Karst is a type of solutional caves that are usually formed in soluble rock limestone when an aggressive fluid dissolves the rock. Subsurface karsting can produce a range of different structures, such as widened fissures and different types of cavities at all scales. These may locally be partly or completely filled by speleothems, sediments deposited by streams or breccia derived from stoping or collapse of the cave roof and walls (Nordli, 2009). Commonly known karst features are fluid-enhanced faults (Nissen et al., 2005), eroded caves, and sinkholes. The karst features are usually related with big petroleum reservoirs (Ford and Williams, 1989). Understanding the spatial distribution of the karsts is of great importance to the discovery of hydrocarbons and their optimal recovery from these reservoirs. However, this can be very difficult due to several reasons. One reason is that the karsts are not uniformly distributed and exhibit an extreme spatial variability. Another reason is that the karst features are usually below seismic resolution, which makes them difficult to map. In this paper, I propose a high-resolution characterization approach for mapping the karst features by utilizing time-frequency decomposition of 3D seismic data.

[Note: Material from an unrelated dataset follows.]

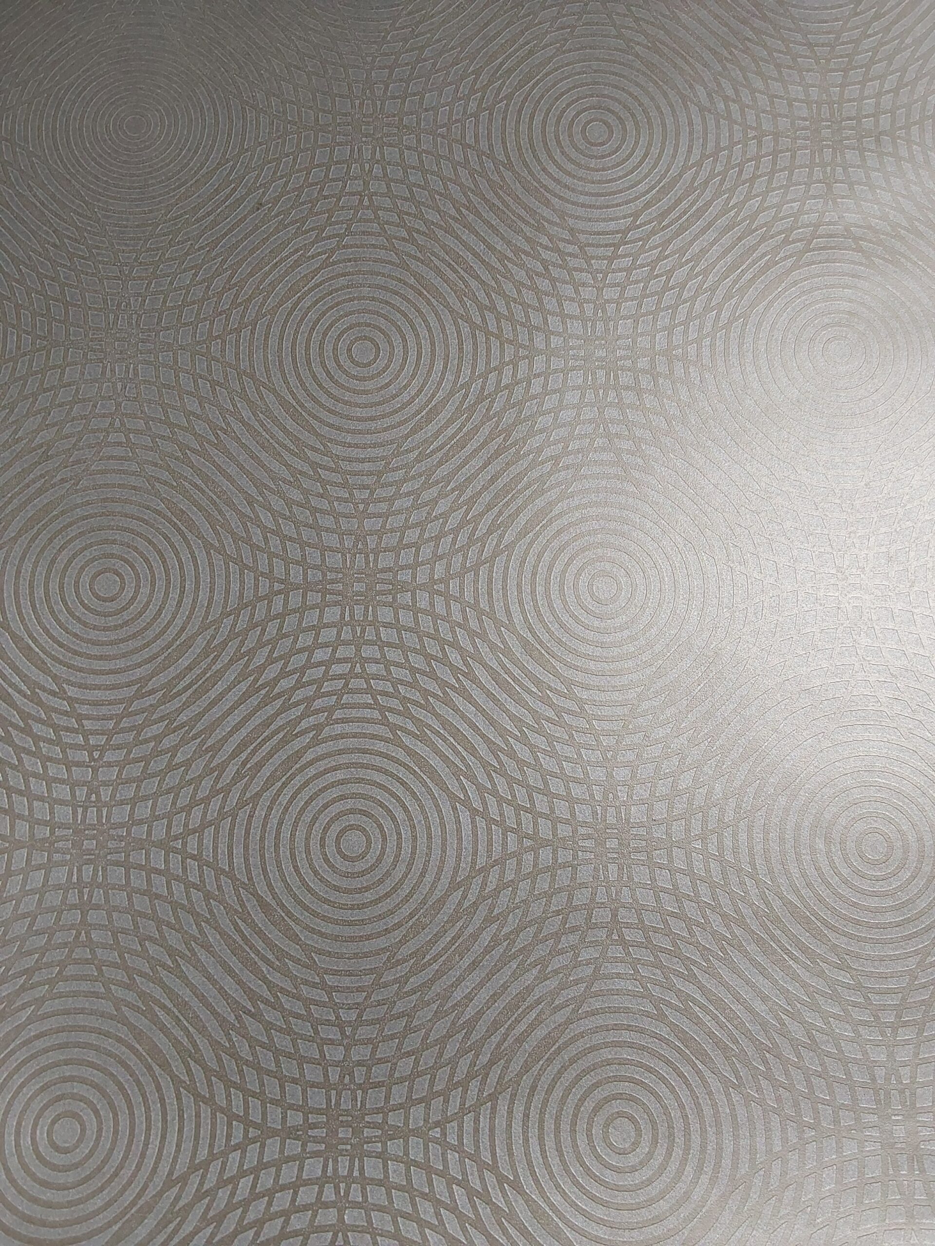 This exquisite wallpaper features a captivating design that seamlessly blends modern artistry with sophisticated elegance. The focal point is a mesmerizing array of concentric circular patterns, meticulously arranged to create a rhythmic and hypnotic visual experience. Each set of circles is intricately defined, alternating between broad arcs and delicate lines that converge to form a stunning geometric composition. This layering of forms conjures a sense of depth, giving the impression of movement and fluidity across the surface.

Time-frequency decomposition offers extra information when analyzing seismic data, which has been extensively used in seismic data processing and interpretation (Rodriguez et al., 2012; Fomel, 2013; Han and van der Baan, 2013; Liu et al., 2016b; Chen et al., 2015; Zhang et al., 2015a,2016; Reine et al., 2009). One of the most commonly used applications of time-frequency analysis is that deeper channels are usually of stronger amplitude at lower frequency in the time-frequency map, and the shallower flank of the channel has larger amplitude at higher frequencies in the time-frequency map (Cheng et al., 2016; Liu et al., 2016c,a). In addition, time-frequency analysis can be used in estimating attenuation, pore-pressure prediction, detecting seismic unconformities, and some implementation of seismic chronostratigraphy (Lin et al., 2013). Over the past decades, time-frequency decomposition has found a panoply of applications in seismic data processing and interpretation (Liu and Marfurt, 2007). Most time-frequency decomposition approaches are used in detecting low-frequency shadow (Castagna et al., 2003), detecting paleochannels (Liu et al., 2011a), reservoir characterization (Zhang et al., 2015b), structural and stratigraphic delineation (Chen et al., 2016; Liu et al., 2016c), arrivals picking of P or S wave modes (Pinnegar and Mansinha, 2003). In this paper, I propose an application of the time-frequency decomposition in probing the subsurface karst features. Four approaches with different analyzing resolutions are compared to offer more practical guidelines for utilizing the proposed approach.

Some researchers have mentioned the application of time-frequency decomposition approaches in delineating the subsurface karst feature, but most applications are not introduced in detail (Chopra and Marfurt, 2007; Fisher et al., 2010). The karst features are depicted based on the criteria that they are discontinuous in spatial domain and show frequency anomalies. The challenge in delineating karst feature lays in the fact that high-resolution delineation may result in many spurious frequency anomalies while low-resolution delineation may fail to depicted such valuable details. A method that can offer us freedom to control the characterization resolution and fidelity is in strong demand.